Assigned task → Output, exactly as written, the lines below starting at the line containing "This is an installation" and ending at the line containing "FAUX LEATHER SPLIT FRONT MIDI SKIRT". Drop the pictures and keep both end lines.
• • • • •
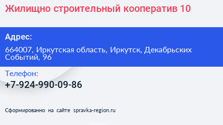 Жилищно-строительный кооператив №10 по адресу 664007, Иркутская область, Иркутск, Декабрьских Событий, 96 в дальнейшем Организация, размещена в следующих категориях:
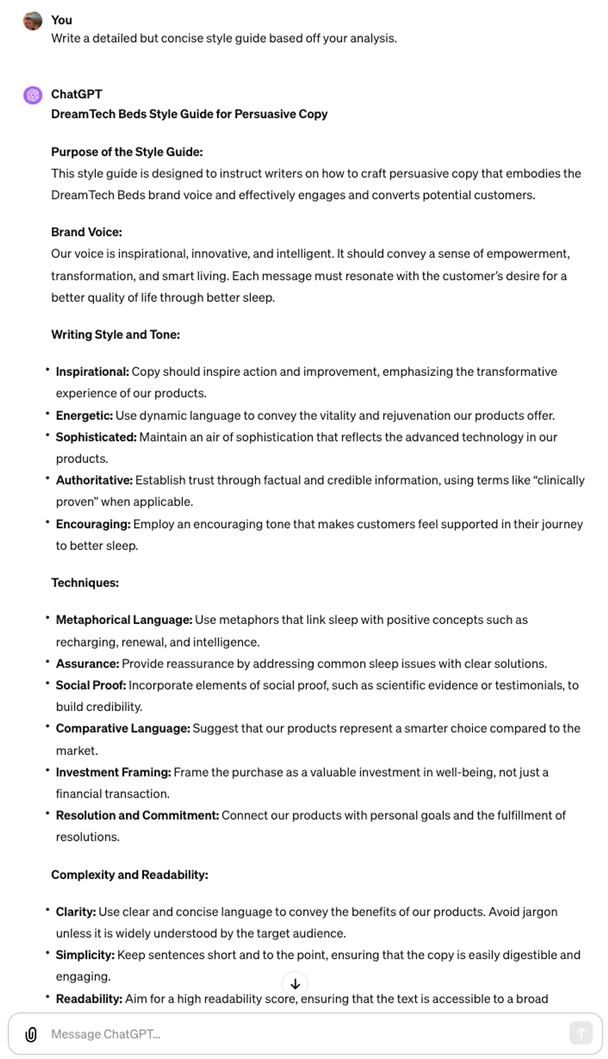 If you already have a detailed style guide, you can upload it to ChatGPT here instead and prompt it to update your guide based on its analysis of competitor landing page copy.
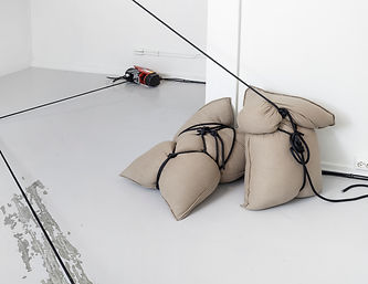 This is an installation witch in practice demonstrate the doctrine of Work = force x distance. The power transmission increase with pulleys, and there is possible to do heavy lifts. To use a longer rope for pull or lift, doesn’t matter anymore. Sacks of sand are lifted, dragged, and hanging in the gallery space. Each sack is bound together with the tying technique “shibari”, which make the sacks with sand, stabile. As a consequence of using the shibari technique, the sacks appear as human or body like and appear as estranged like the phenomena “Uncanny Wally”. The title “May you live in interesting times” are known as a Chinese word of wisdom, with no specific origin, and are supposed to performed as a curse.
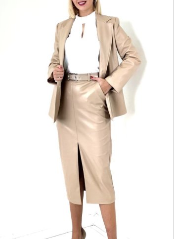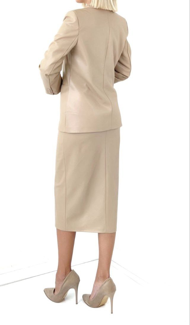 FAUX LEATHER SPLIT FRONT MIDI SKIRT
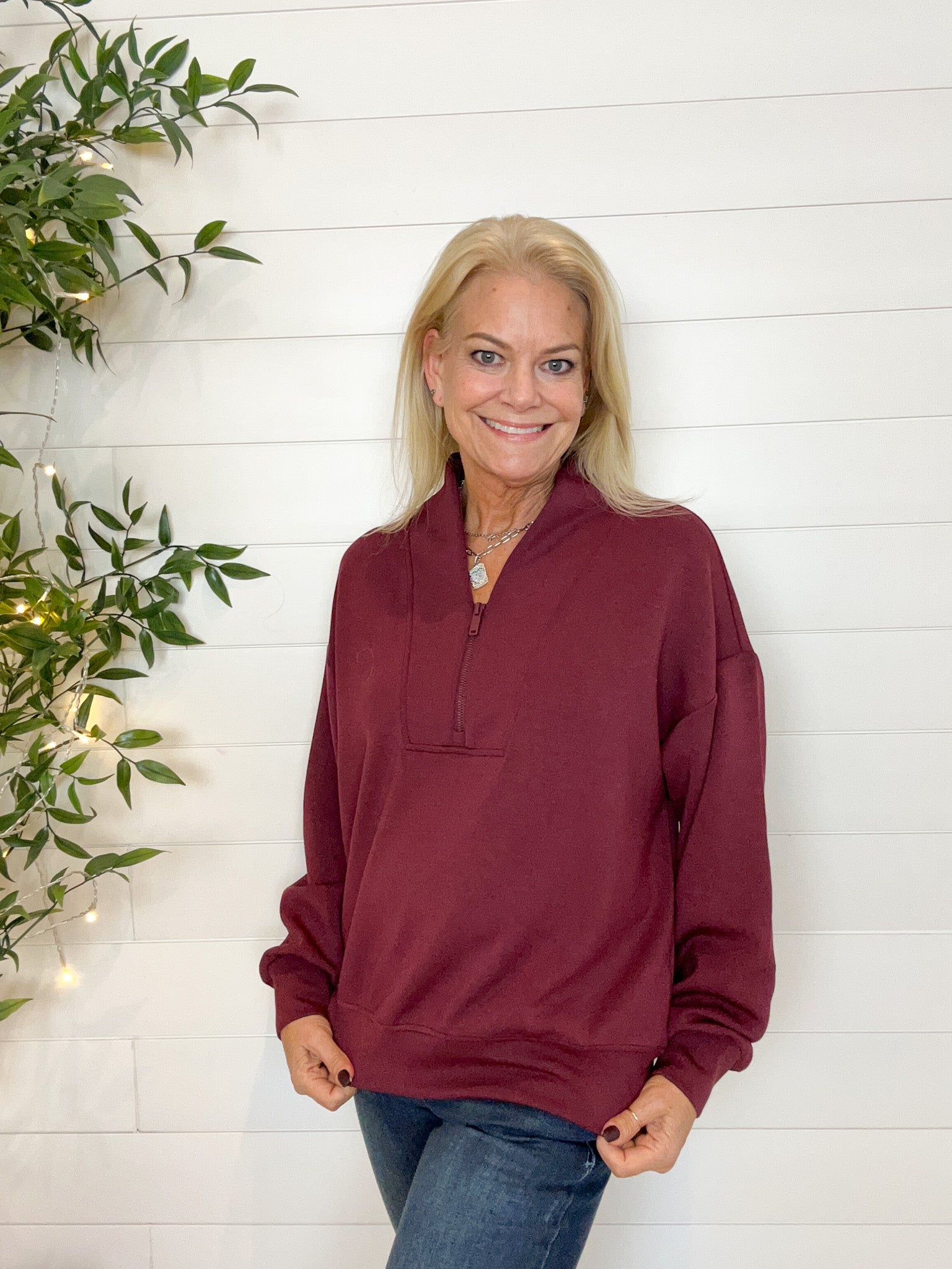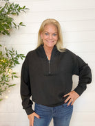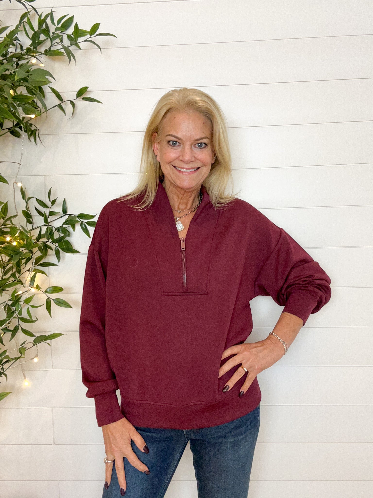 Slip into effortless sophistication with our Scuba Luxe Half Zip Pullover. Made from an ultra-silky modal blend, this piece feels as dreamy as it looks — lightweight, smooth, and totally chic. The relaxed fit, bubbled sleeves, and quarter zip neckline give it that elevated athleisure edge that transitions from lounge to street with ease.
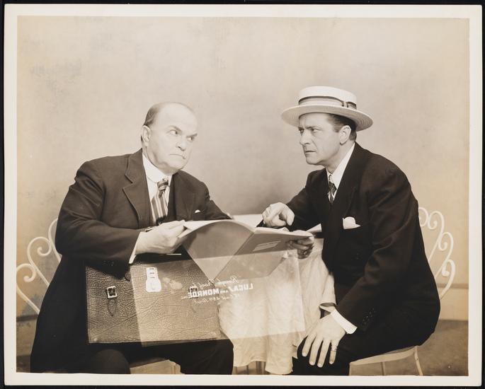 [William Gaxton as Jim Taylor and Victor Moore as Senator Oliver P. Loganberry in "Louisiana Purchase".]
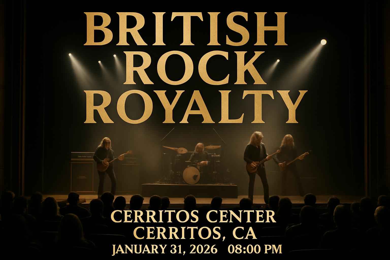 Experience British Rock Royalty live at Cerritos Center, CA on January 31, 2026, at 8 PM. Secure tickets early via RSVP Event Agency to access exclusive coupon codes and discounts. Enjoy top sound, comfortable seating, and convenient parking. VIP options may be available. Tickets are final sale unless the event is canceled or rescheduled. Don’t miss this iconic British rock tribute!
• • • • •
Exercise result →
 This is an installation witch in practice demonstrate the doctrine of Work = force x distance. The power transmission increase with pulleys, and there is possible to do heavy lifts. To use a longer rope for pull or lift, doesn’t matter anymore. Sacks of sand are lifted, dragged, and hanging in the gallery space. Each sack is bound together with the tying technique “shibari”, which make the sacks with sand, stabile. As a consequence of using the shibari technique, the sacks appear as human or body like and appear as estranged like the phenomena “Uncanny Wally”. The title “May you live in interesting times” are known as a Chinese word of wisdom, with no specific origin, and are supposed to performed as a curse.
 FAUX LEATHER SPLIT FRONT MIDI SKIRT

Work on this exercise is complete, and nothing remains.